One of the project’s most poignant threads is the idea of emotional vulnerability within that relationship, the risk that comes with being fully known. Snell reflects on how significant it is when someone opens up about parts of themselves they’ve never shared before, especially when past experiences may have taught them not to.
“I think it’s always a huge deal when somebody is comfortable enough to open up about things they’ve never shared before,” he says.
That sentiment becomes a cornerstone of the EP. It’s not just about love, it’s about trust. About creating a space where honesty isn’t punished, but protected. And in a genre often driven by nostalgia and idealism, Snell’s willingness to explore the complexities of modern relationships feels refreshingly grounded.
Fear as Fuel
If there’s a throughline that ties Colors together, it’s the tension between fear and purpose. Because for all its emotional clarity, this is not a project that came easily.
“Putting your emotions out there is always scary,” Snell says. “But when you're writing some of the songs that I'm writing about… it makes it a little more heavy and emotional and scary.”
It’s a sentiment that will feel familiar to anyone who’s ever hesitated to speak their truth. But for Snell, that fear is magnified by the scale of his audience. Sharing something deeply personal with one person is difficult enough, sharing it with thousands, maybe millions, is something else entirely.
He likens it to a relationship, confessing the hardest parts of yourself, unsure of how they’ll be received. Except now, the “other person” is the entire world.
And yet, what’s striking about Colors is not the presence of fear, but what Snell chooses to do with it.

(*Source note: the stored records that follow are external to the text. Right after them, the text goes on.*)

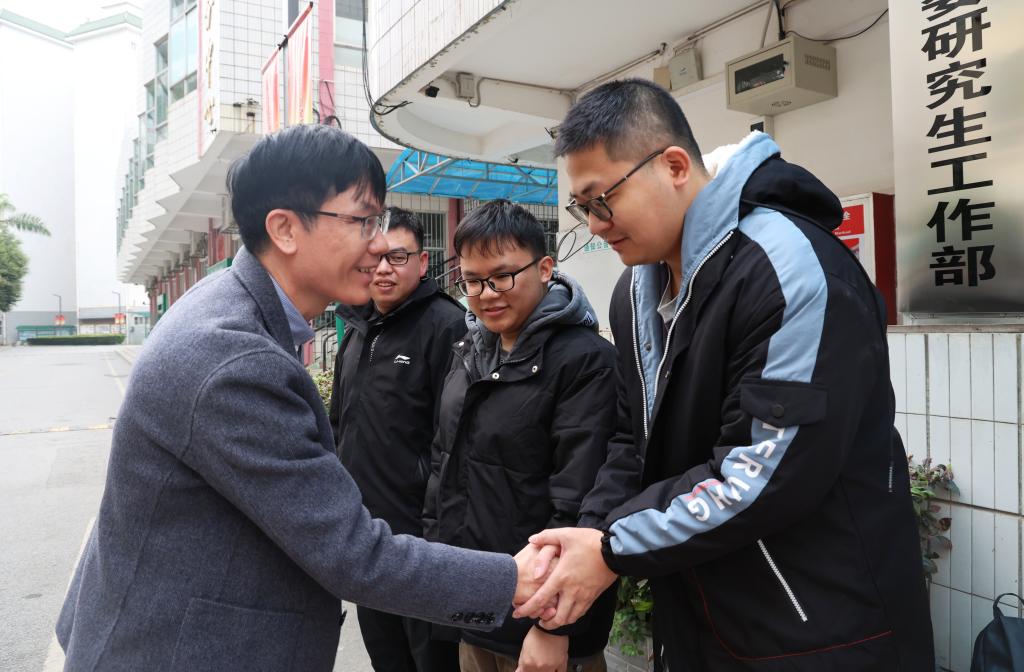 在研究生学院和国际会议中心,解继胜代表学校党委向留校学生送上诚挚的关怀与节日的祝福。在交流过程中,他关切地询问了同学们的留校原因与生活安排,详细了解同学们的生活需求,叮嘱同学们做好假期学业规划、合理安排作息、保持身心健康、及时增添衣物、预防疾病、注意用电安全;同时强调了学校会做好假期的各项保障工作,让同学们安心在校过年,鼓励同学们在学习或生活中遇到困难与烦恼时,随时向老师、学校反映,学校会及时帮助大家解决,并祝福同学们新的一年学业进步、健康喜乐。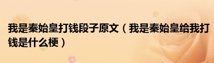 大家好,小育来为大家讲解下。我是秦始皇打钱段子原文,我是秦始皇给我打钱是什么梗很多人还不知道,现在让我们一起来看看吧!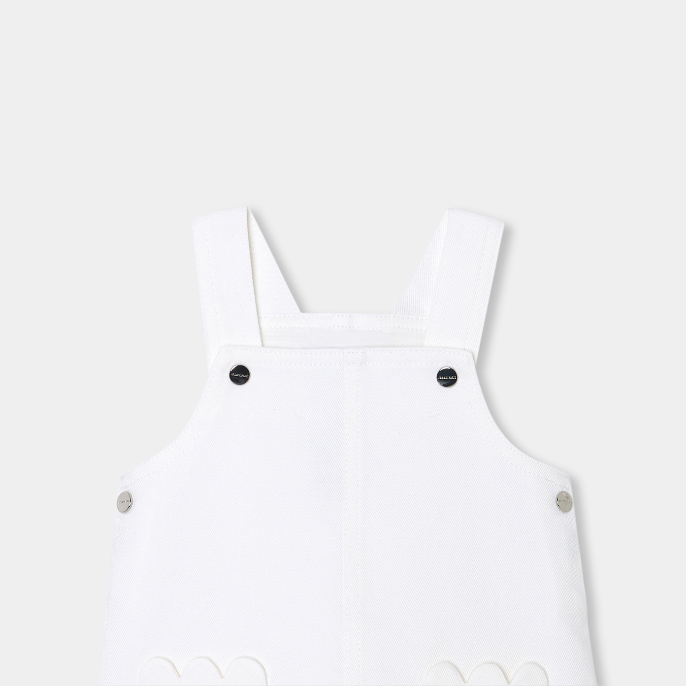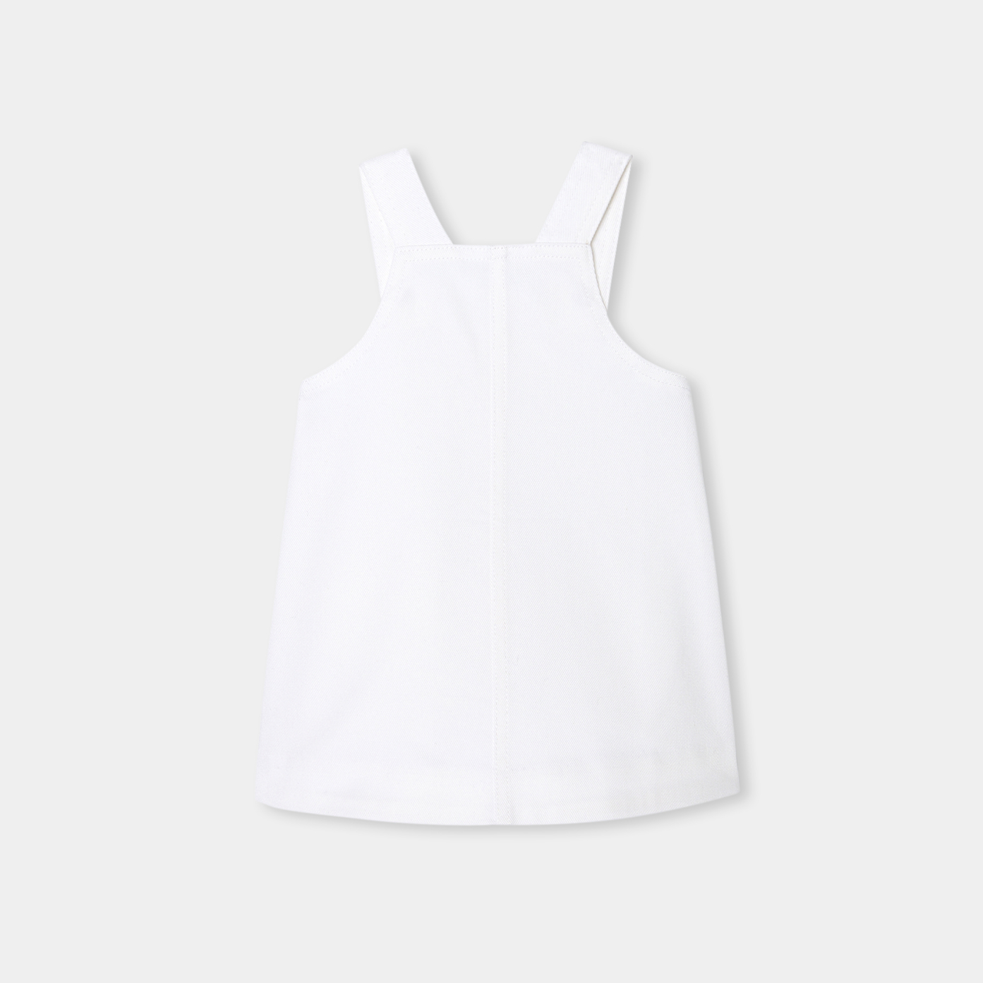 A 60's breeze blows through the little girl's wardrobe with this pinafore baby girl dress. A trapeze cut, accessorised with dungaree-style straps, match this denim-style canvas dress with a polka-dot bodysuit and a Varsity-style cardigan for a silhouette with Parisian charm.-Baby girl A-line dress-Organic cotton fabric-Snapped straps-Scalloped patch pockets

The success of his previous project, Home Sweet Hell, served as a turning point. The response wasn’t just positive, it was personal. Fans showed up not just to listen, but to connect. To share their own stories. To say, “me too.”
“To see what it’s helped people through… that’s why it needed to be out in the world,” Snell reflects.
That kind of feedback changes an artist. It reframes vulnerability as something bigger than self-expression, it becomes a form of service. And on Colors, you can feel that shift. The fear is still there, but it’s no longer paralyzing. It’s purposeful.
Faith, Light, and the Spaces In Between
Even before a single note is heard, Colors begins telling its story through imagery. The EP’s artwork, featuring fractured, luminous hues reminiscent of stained glass, serves as a visual extension of its themes.

For Snell, the inspiration came from a place that’s become increasingly important to him: his faith.
“There’s these splashes of colors that are hitting me… and the backdrop behind me,” he explains.
It’s a striking metaphor. Stained glass, after all, is defined by its imperfections, broken pieces arranged into something beautiful when light passes through them. And that’s exactly what Colors feels like.
It’s not about erasing pain or pretending the fractures don’t exist. It’s about acknowledging them, and allowing something meaningful to emerge anyway.
Snell doesn’t lean heavily into overt spirituality in the music itself, but its influence is felt in the project’s undercurrent of hope. Not a loud, declarative hope, but a quiet, persistent one. The kind that shows up in small moments. The kind that suggests healing is possible, even if it’s incomplete.
The Takeaway
What ultimately sets Colors apart is its refusal to simplify something inherently complex. Austin Snell doesn’t offer solutions. He doesn’t wrap things up in a bow. Instead, he does something far more impactful, he tells the truth.
And in doing so, he taps into the very essence of what country music has always done best: creating connection through honesty.
Colors isn’t just an EP, it’s an open door. One that invites listeners to step into their own emotions, to confront what they’ve been avoiding, and maybe, just maybe, to feel a little less alone in the process.
In a world that often demands quick answers and polished narratives, Austin Snell is willing to sit in the gray areas. To explore the in-between. To paint with every shade available to him.
And that’s exactly what makes Colors unforgettable.